Desalter Operating Pressure
It is not essential for desalter operation that pressure be controlled. However, for efficient operation,
pressure variations of short duration should be avoided. The pressure should be maintained at a level
adequate to suppress vaporization. The operating pressure of the desalter is normally specified at 1
bar above the total vapour pressure of the crude oil and water at the maximum operating
temperature in the desalter.
Treated product specification
The treated crude product specification should include maximum acceptable limits for BS & W and
salt content. Additionally the maximum acceptable oil content of the effluent water must be specified.
This is normally in terms of ppm and the value depends on the acceptable limit to any downstream
effluent plant or local authority regulation for effluent waters or injection water (in case of water is
injected to reservoir via water injection wells)
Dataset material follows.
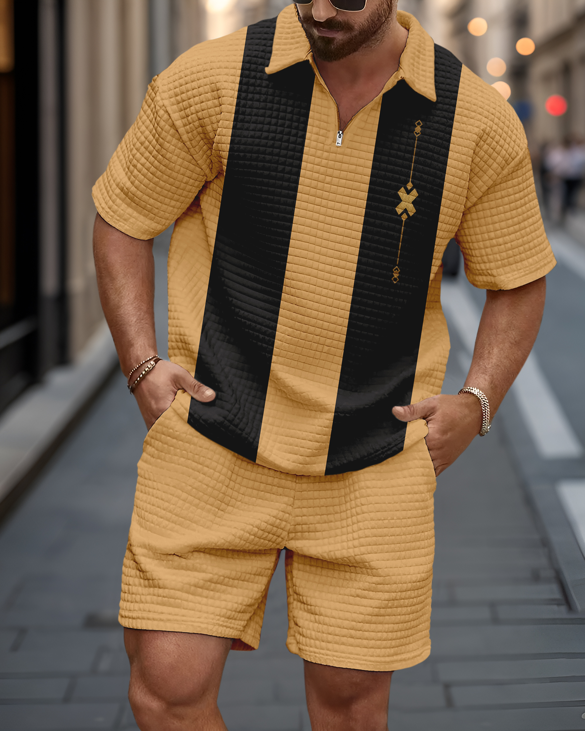 Men's Casual Art Print Waffle Texture Summer Polo Set 066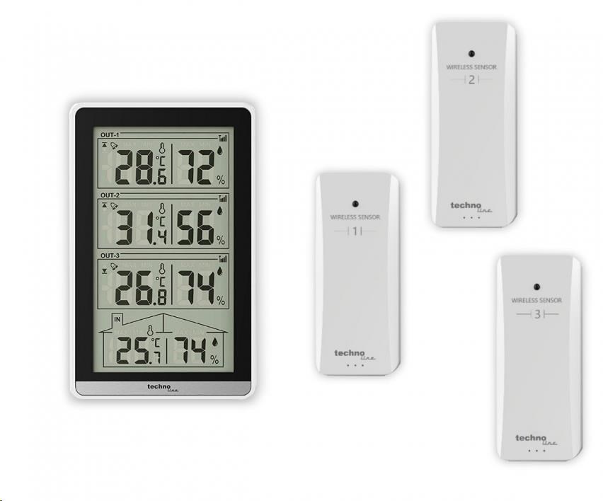 TechnoLine WS 7060 - digitální teploměr s vlhkoměrem se třemi bezdrátovými čidly

It should be noted that if the specifications for water and sediment content of treated crude and oil
content of effluent water are too stringent emulsifying chemical may have to be injected to achieve
the required levels.
Desalter Residence Time
A minimum residence time typically 10 – 30 minutes for preliminary desalter sizing. It depends on the
inlet crude oil quality and operating temperature. The desalter size is largely dependent on the
electric grids dimension and arrangement, hence the manufacturer shall be consulted for the final size
Two Stage Desalting
Figure 6 below is a schematic of a two-stage desalting system with dilution water recycling capability.
This system is similar to the dehydrator and desalter system described in the previous section. The
only difference is that fresh water is injected upstream of the 2nd stage. The water removed from the
2nd stage is pumped back to the 1st stage to extract the salt in the crude inlet of the 1st desalter. The
addition of this recycle reduces the dilution water requirement compared to a single-stage dehydrator
and desalter system. If further desalting is needed, it is possible to add more stages in a similar
manner.
Figure 6. Two Stages Desalting
Since desalter is typically operated at high temperature (above 40 oC), hence before the crude oil is
exported, it normally needs to be cooled to avoid vaporization during transport and storage. Stabilized
crude is typically stored at ambient temperature. Figure 6 shows the oil outlet of desalter is utilized to
pre-heat the inlet oil. This configuration is sometime considered to minimize the heating medium
requirement of the main heat exchanger.